Torrents: 357 torrents, all 100% ready (Seed), 692.1GiB according to ``transmission-remote --list''. Upload speed is between 2000KiB/s and 4500KiB/s with average about 3000KiB/s. No limits are set via config file.

transmission-daemon, compiled with standard options (no profiling, optimizations), consumes 12-14% of CPU (one core, so Idle is ~185%). It is very responsive if upload speed is about 2000KiB/s.

When speed is higher than 2000KiB/s, it becomes unresponsive: simple ``transmission-remote --list'' could take 30 seconds, or even ended with timeout or ``no answer'', Tr. Remote GUI losts connection and could not reconnect, etc. Please note, that here is plenty of CPU at this moment: one core is completely available, and other is loaded only at 15%.

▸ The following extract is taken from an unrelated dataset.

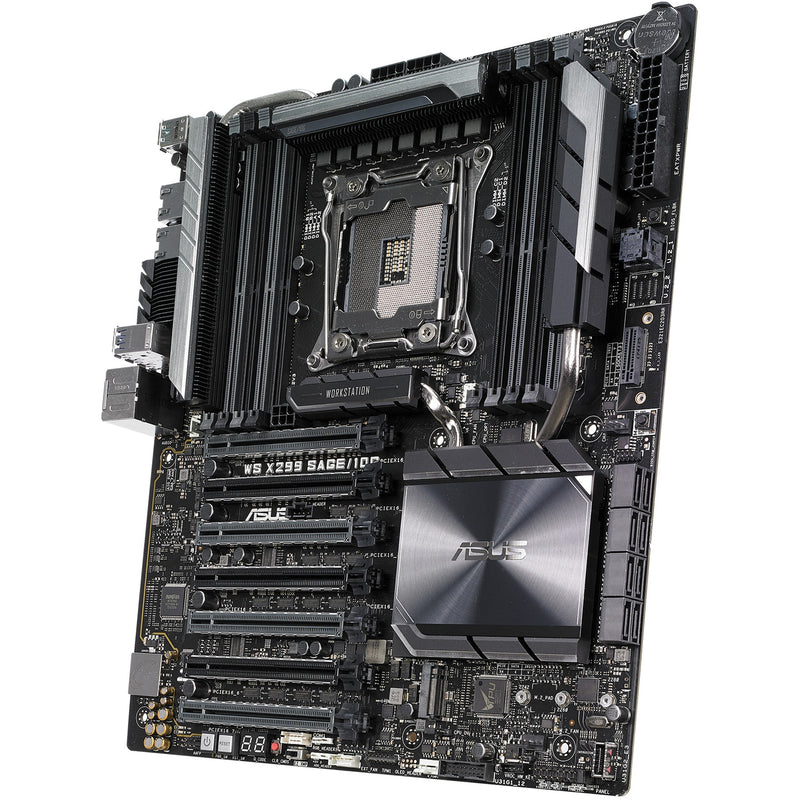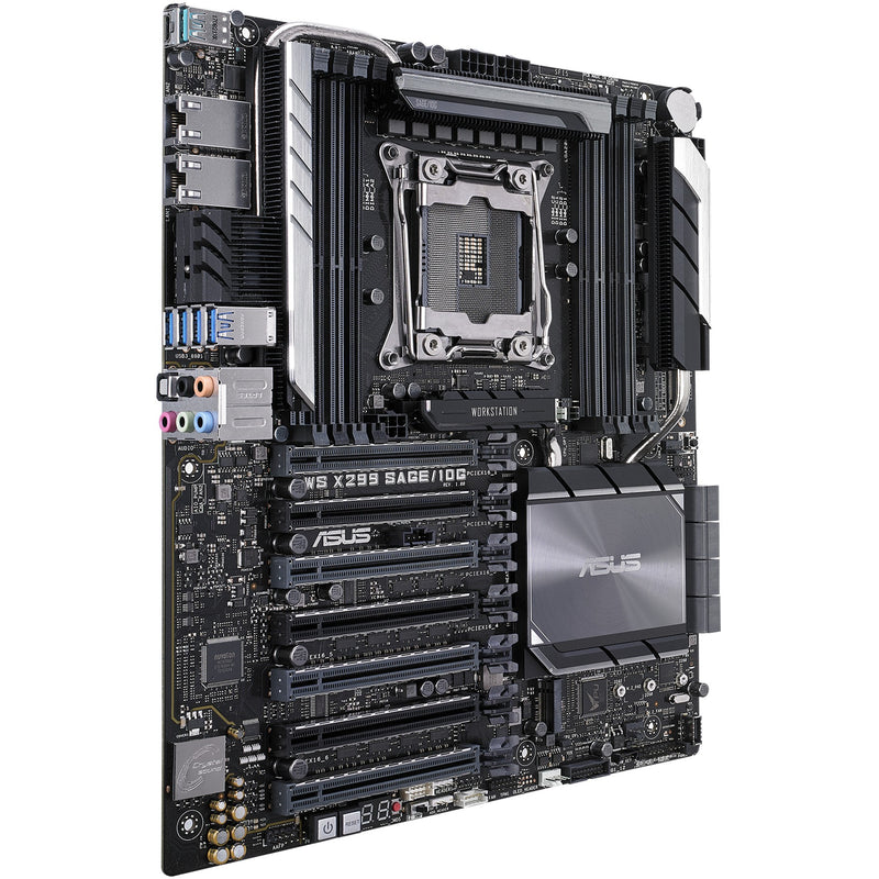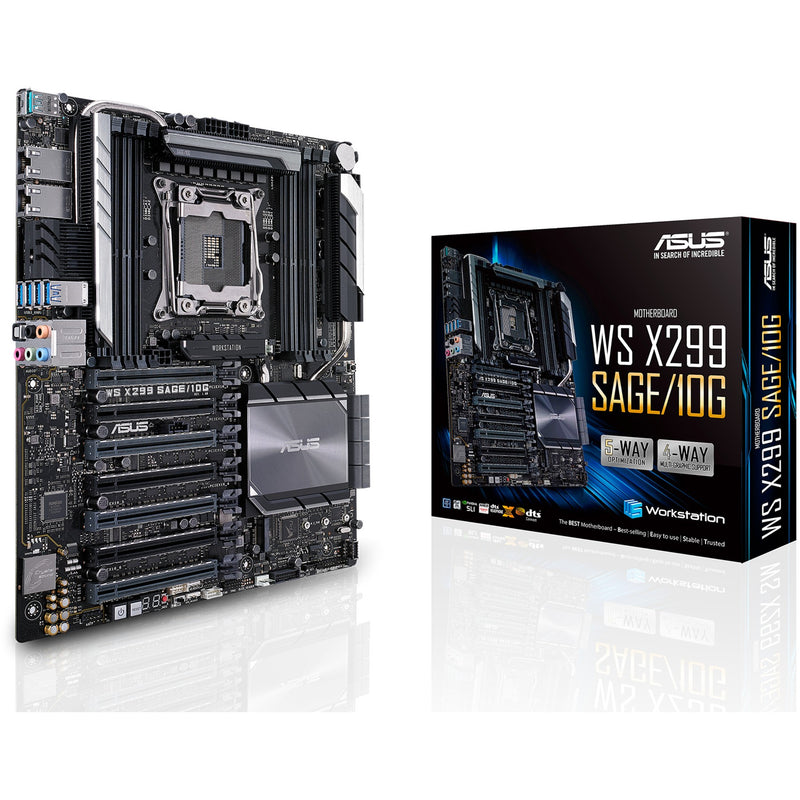 ASUS WS X299 SAGE/10G. Prozessorhersteller: Intel. Prozessorsockel: LGA 2066 (Socket R4). Unterstützte Prozessorsteckplätze: LGA 2066. Unterstützte Arbeitsspeicher: DDR4-SDRAM. RAM-Speicher maximal: 512 GB. Speicherkanäle: Vierfach-Kanal. Unterstützte Speicherlaufwerk-Schnittstellen: SATA III. RAID Level: 0. 1. 5. 10. Parallele Verarbeitungstechnologie: 4-Way CrossFireX. 4-Way SLI. Ethernet Schnittstellen Typ: 10 Gigabit Ethernet. LAN-Controller: Intel® X550-AT2
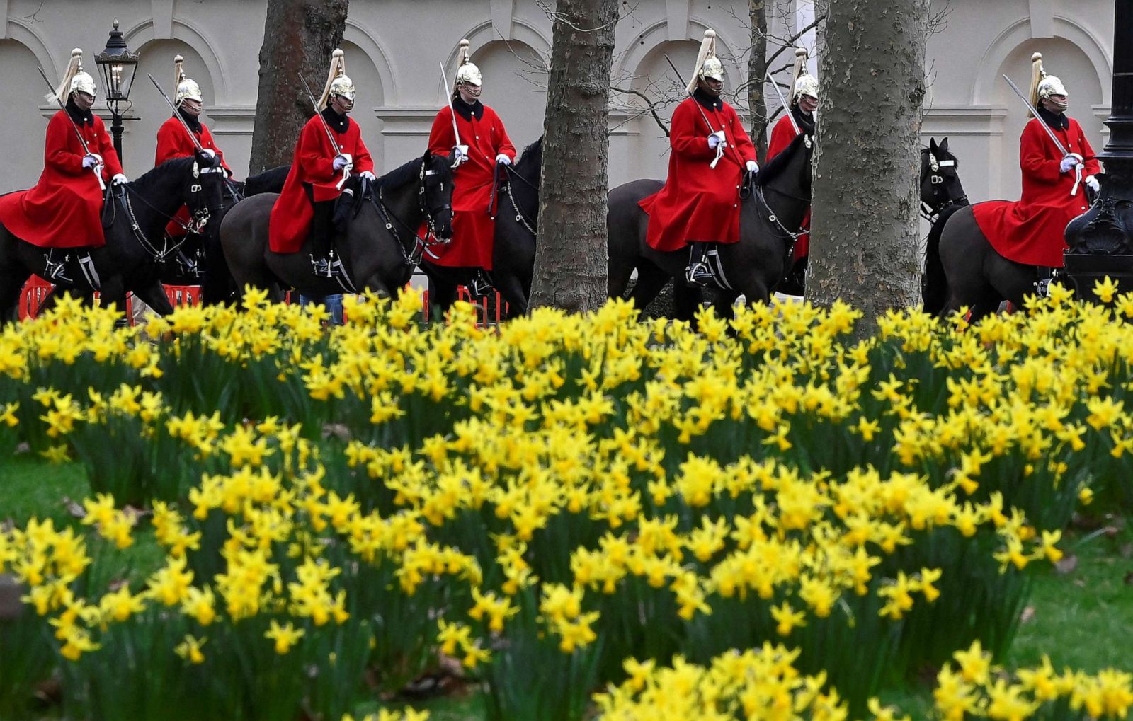 Các thành viên của Đội kỵ binh đi ngang qua những bông hoa thủy tiên vàng mới nở ở London, Anh

transmission-daemon contains 4 threads, but only 1 of them is really works. Two others don't consume CPU at all.

Profiling with gprof (gcc -gp -g) shows, that most of time (about 50%) is consumed by bandwidthPulse(), most of THAT time is consumed by reconnectPulse(), and, down by the tree, tr_bandwidthAllocate(). NB: here is NO any bandwidth limits in configuration file! makeNewPeerConnections() consumes a lot of CPU too.

Functions comparePeerCandidates() and addValToKey() spend a lot of time by itself (without children calls or syscalls): 9% and 4.2%.

Ok. Now to syscall analyzyss with kdump. I've runned kdump for 20 seconds and get this statistics by number of calls (top-20):

Code: Select all

gettimeofday  87054
writev        31118
clock_gettime 16124
kevent         8378
sendto         7150
readv          4577
ioctl          4577
fstat          3888
pread          3883
recvfrom       3831
poll           2288
getpid         1384
madvise         951
fcntl           945
setsockopt      908
close           503
socket          461
connect         461
bind            436
stat            190
Please, note: expensive, but ``not productive'' method gettimeofday() is called most often, when here is no need at bandwidth allocation at all.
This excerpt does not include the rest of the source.